The 2D structures and activities of the studied compounds were presented in Table 1. The Genetic Function Approximation (GFA), was used to generate four models, the first model out of the four models was selected as the optimum model since it best agrees with the minimum criteria for generating good QSAR model, reported in Table 2. Table 3 display the validation parameters for the generated models. Table 4 present the Y-randomization test used to affirm the strength of a model. This test was carried out on the training set by keeping the independent variable constant and randomizing the dependent variables. The low values of R, R2 and Q2 indicate the robustness of the generated model and the coefficient of Y-randomization (\({\text{cR}}_{{\text{p}}}^{2}\) = 0.8200) confirmed the generated model was not gotten by chance.
Table 5 displays the correlation matrix, VIF and the ME of the four descriptors used to build the models.
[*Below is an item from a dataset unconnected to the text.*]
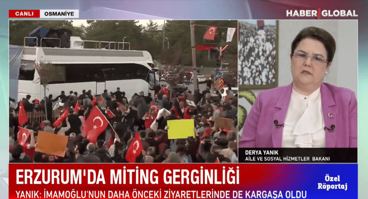Aile ve Sosyal Hizmetler Bakanı Derya Yanık, Erzurum’daki taşlı saldırıda İstanbul Büyükşehir Belediyesi Başkanı Ekrem İmamoğlu’nu suçladı.

The low value of the Pearson’s correlation indicates that there is no significant connection between the descriptors, this means that each descriptor gives different information that influenced the model. The relative importance of each of the descriptor in the model was measured with the low value of the Variance Inflation Factor (VIF) and since the VIF value were all less than 2, henceforth, the descriptors in the model were rightfully selected and the model is therefore said to be statistically satisfactory [24]. Meanwhile descriptor MaxHBd with highest positive ME value indicates its prominence in the models’ activity, as such, the descriptor was made the focal point when designing new enhanced compounds. The descriptor (MaxHBd), means Maximum E-States for (strong) Hydrogen Bond donors.
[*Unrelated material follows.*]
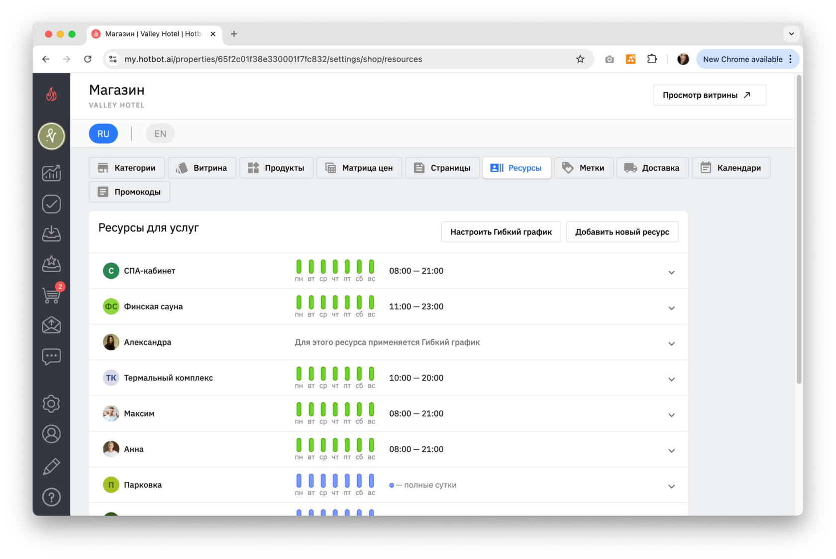 - Раздел Расписание в магазине и раздел Рабочий график в расписании для настройки дат и часов доступности сотрудников и ресурсов.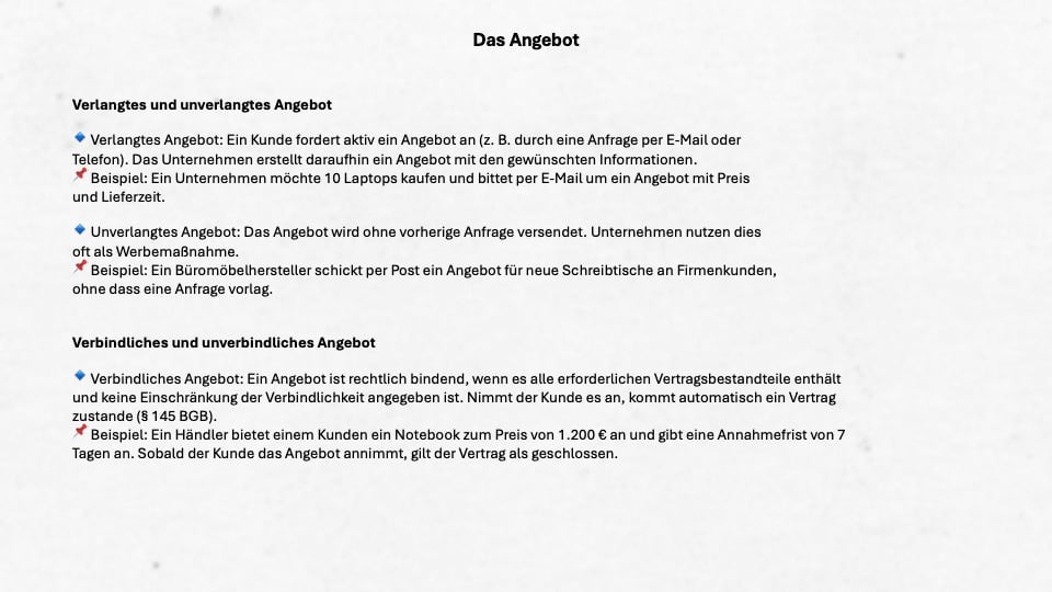 Hier findest du alle Folien zum Thema "Die Anfrage" und "Das Angebot"

Descriptive analysis was carried out to back up the evidence that the dataset was well divided into a new set (training set and test set). Table 6 present the maximum, minimum and standard deviation values for both training and test sets were very close suggesting no significant difference in them, as a result, we deduce that the training set is extrapolative within the test set, this confirm the fit of the Kennard and stone method employed in the data division.
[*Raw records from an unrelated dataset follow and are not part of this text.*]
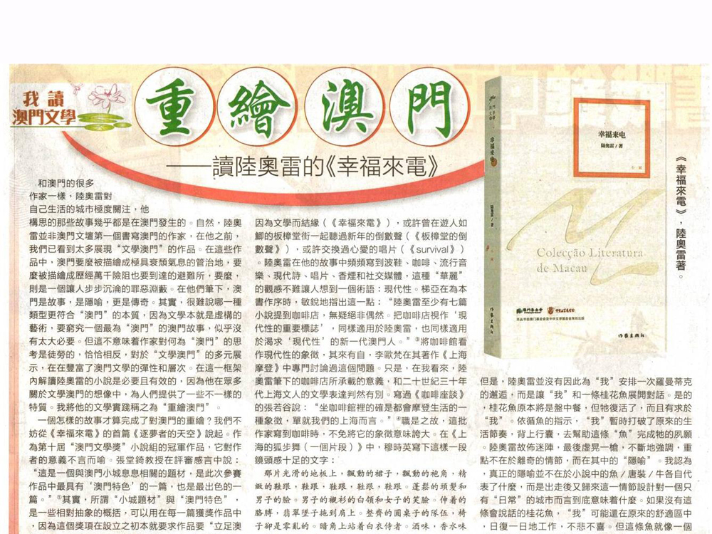 在更多的时候,陆奥雷的澳门故事是有它的实体而非仅仅依靠理念支撑的。在这些“故事容器”裡,作家的个性色彩相当鲜明。男主人公几乎都叫乔捷,他有两个显着的身份标识,其一是小城裡的文艺工作者,其二是不折不扣的E世代青年。我甚至有种感觉,乔捷可以离开女人,但不能离开网络。女性角色呢,通常由一个叫Ivy的女生充当。这个女生似乎没有什么攻击性,但如一缕清香般让人难以忘怀。乔捷和Ivy,流连在小城的板樟堂街和议事亭前地,相约在幽静的咖啡厅和唱片店。他们或许因为文学而结缘(《幸福来电》),或许曾在游人如鲫的板樟堂街一起听过新年的倒数声(《板樟堂的倒数声》),或许交换过心爱的唱片(《survival》)。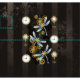 Marcos antiguos y llaves con engranajes de oro y de latón, decorados con libélulas mecánicas de vapor punk sobre fondo marrón, rayado.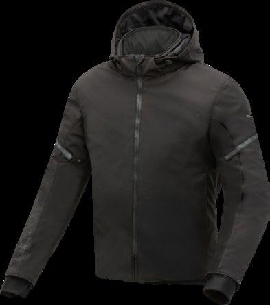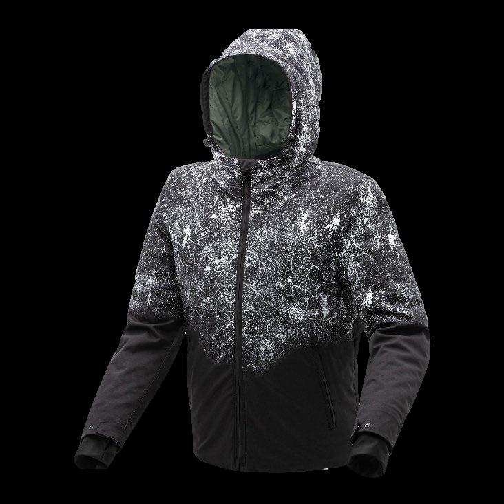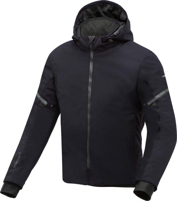 • Coque extérieure en tissu stretch technologique tricoté et microfibre.

Table 7 present the details of the descriptors used to build the model. The first two descriptors were 2D and the last two being 3D. The equations generated from the material studio software displayed below, indicates Eq. (1) as the best model when compared to the standard validation parameters for generating a good QASR model in Table 2.
Model 1
pGI50 = 0.709363893 * GATS8c − 4.252846824 * maxHBd − 0.063150018 * TDB10p − 0.153565552 * RNCS + 4.211504042;
Model 2
pGI50 = 0.772397640 * GATS8c − 4.191643628 * maxHBd − 0.000418849 * TDB10v − 0.153328698 * RNCS + 4.006452472;
Model 3
pGI50 = 1.245271529 * MATS7c − 0.826297651 * SpMax5_Bhi − 3.598436568 * maxHBd − 0.135122003 * RNCS + 6.680738880;
Model 4
pGI50 = 0.723219873 * GATS8c − 4.266084558 * maxHBd − 0.061174372 * Kier1 − 0.155935615 * RNCS + 4.726811020.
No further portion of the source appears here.